The bed and breakfast derived its name from “The Lord of the Rings” book series, which husband and wife owners Andrew Thomas and Rebecca Kassay enjoys. They each picked an animal that was native to the area and hoped to create a place that was akin to the respite the main characters felt when they visited an inn.

Kassay said the Inn has “kept up to date as far as the recommendations for cleaning and the response to the COVID-19.”

“It just felt like a mini-vacation, where we didn’t have to go too far.”

— Emilie Zaniello

The Fox and Owl is located in an 1850 Victorian home, which has large windows that Kassay keeps open as often as she can.
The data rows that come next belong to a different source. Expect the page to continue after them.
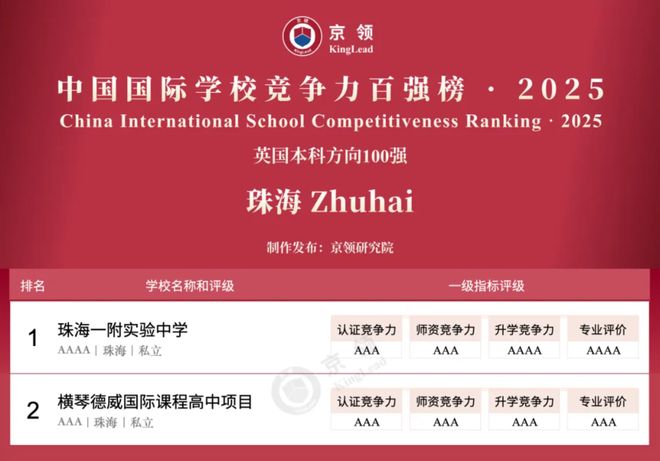 在京领2025中国国际学校竞争力百强榜·英国本科方向中,珠海一附实验中学和横琴德威国际课程高中项目上榜,分别获得4A和3A综合评级。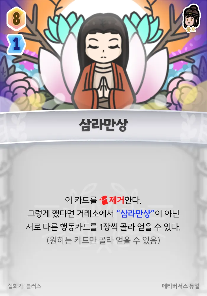 그렇게 했다면 거래소에서 “삼라만상”이 아닌 서로 다른 행동카드를 1장씩 골라 얻을 수 있다. (원하는 카드만 골라 얻을 수 있음)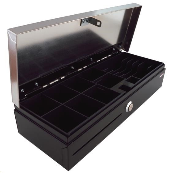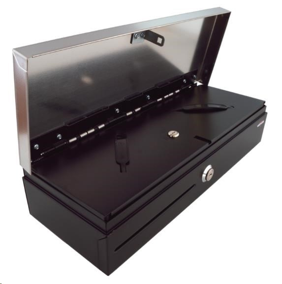 Virtuos pokladní zásuvka flip-top FT-460C2 - s kabelem, se zamykacím krytem, NEREZ víko, černá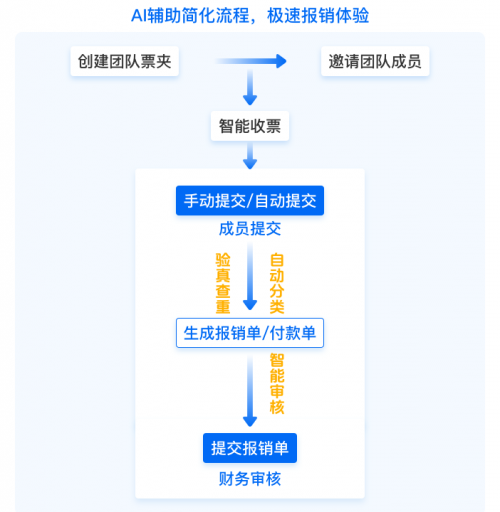 企业票夹面向小微企业或项目团队,在智能发票管理的基础上,实现多人协同管票,票夹成员自动提交发票,AI完成验真查重等智能审核,生成报销单或付款单,最后由财务进行审核,极大提升了报销效率与准确度,既满足了小微企业智能报销的需求,又没有传统费控系统的高投入、高门槛。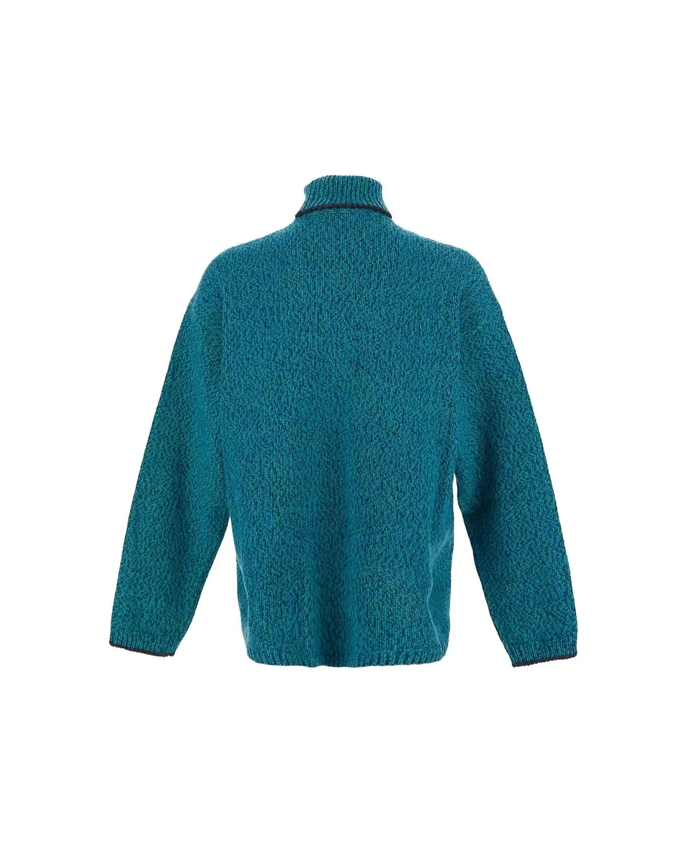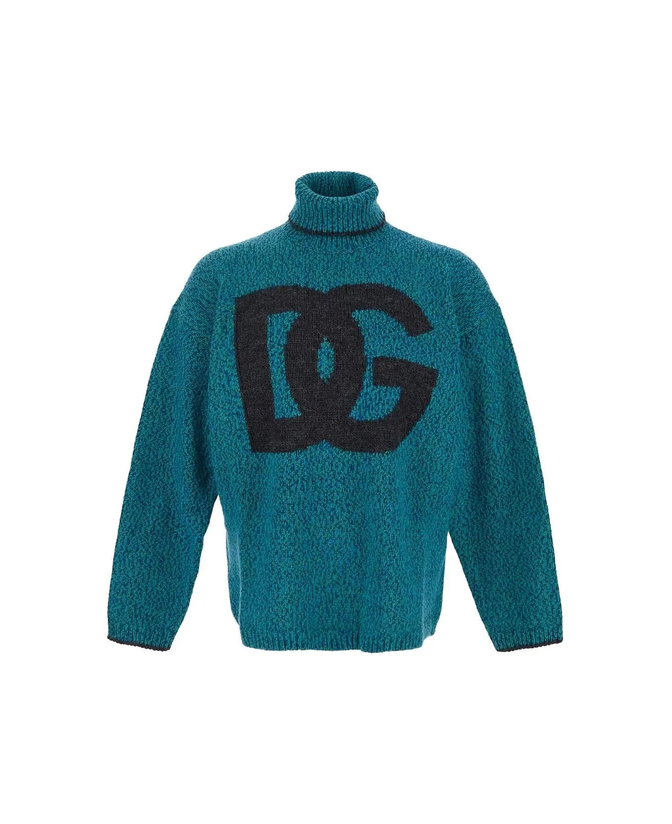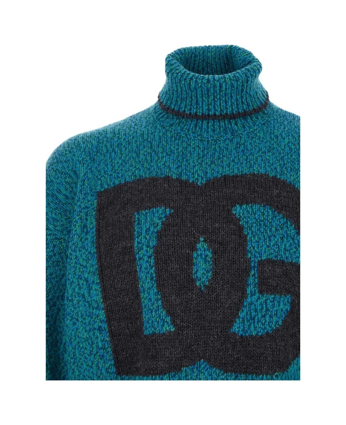 Dolce & Gabbana turtleneck knitwear in multicolor wool with dark grey inlaid DG logo on the front, long sleeves, neck with dark grey detail, elastic ribbed cuffs, waist and neck.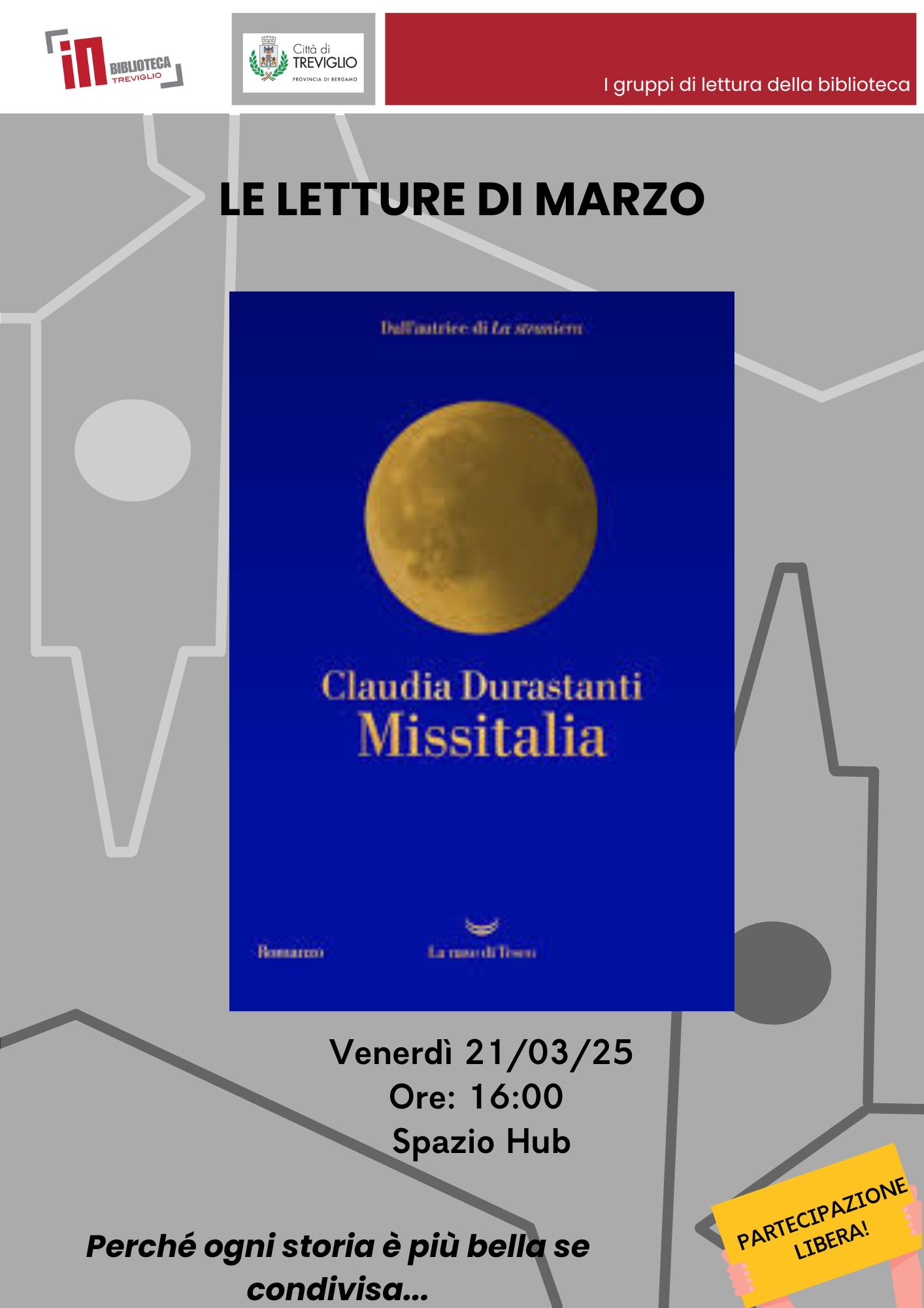 Il gruppo di lettura del venerdì si riunisce in biblioteca per commentare il libro "Missitalia" di Claudia Durastanti.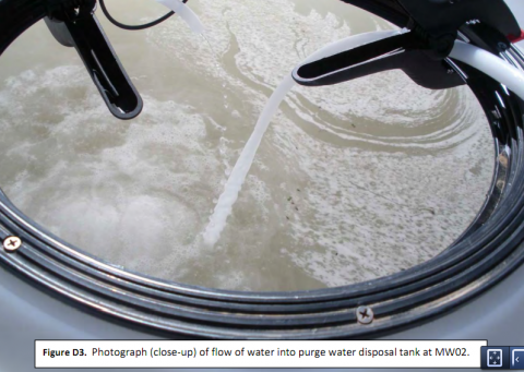 Above: A photo from the EPA's draft report of contaminated groundwater being sampled in Pavillion, Wyoming. Note the foam. Photo on page 3 of Appendix D of "Draft: Investigation into Groundwater Contamination in Pavillion, Wyoming."

Kassay and Thomas also use Lysol on surfaces regularly and ask their guests to wear masks in public.

While guests sit on sofas that are six feet apart, they have shared stories about their quarantine experiences and make predictions about what will happen next.

The Fox and Owl has three guest suites. Some family groups have booked the entire bed and breakfast, which is “really nice for families that are coming to visit other family members,” Kassay said. Groups of friends with similar quarantine habits who feel comfortable interacting with each other have also booked the entire Inn.

The Fox and Owl offers guests the use of a jacuzzi, which is complimentary with any booking. For an additional fee, the Inn provides S’Mores near the fire pit.

Kassay said she and Thomas appreciate that they can offer people an “escape and relief from the stress that everyone is handling.”

As the owner of a bed and breakfast, she said she has reflected on the challenge of remaining personable to guests even while wearing a mask. The daughter of a Sicilian mother, Kassay was raised to speak by using body language and by communicating with her hands as well as her words.

She noticed how guests have become “more expressive,” she said. “If you stop and look at people talking, there is more physicality to American’s interaction with one another.”

A resident of midtown, Mey, who preferred to use only her first name, said she and her boyfriend came to Port Jefferson to escape from the city and enjoy nature amid all the urban closures.

They planned to visit Port Jefferson for the day and wound up spending the night at the Fox and Owl Inn when they weren’t ready to drive back to Manhattan. Mey and her boyfriend enjoyed sitting on the porch, visiting a nearby park and eating ice cream.

“Port Jefferson has a lot of nature and the feeling of a vacation,” Mey said. The experience was “very chill.”

The Manhattanite enjoys attending Broadway shows when she is in the city, which are still closed.

The urban couple traveled to Long Island because they were “looking for something peaceful” and they “found it. Seeing green is better than seeing buildings.”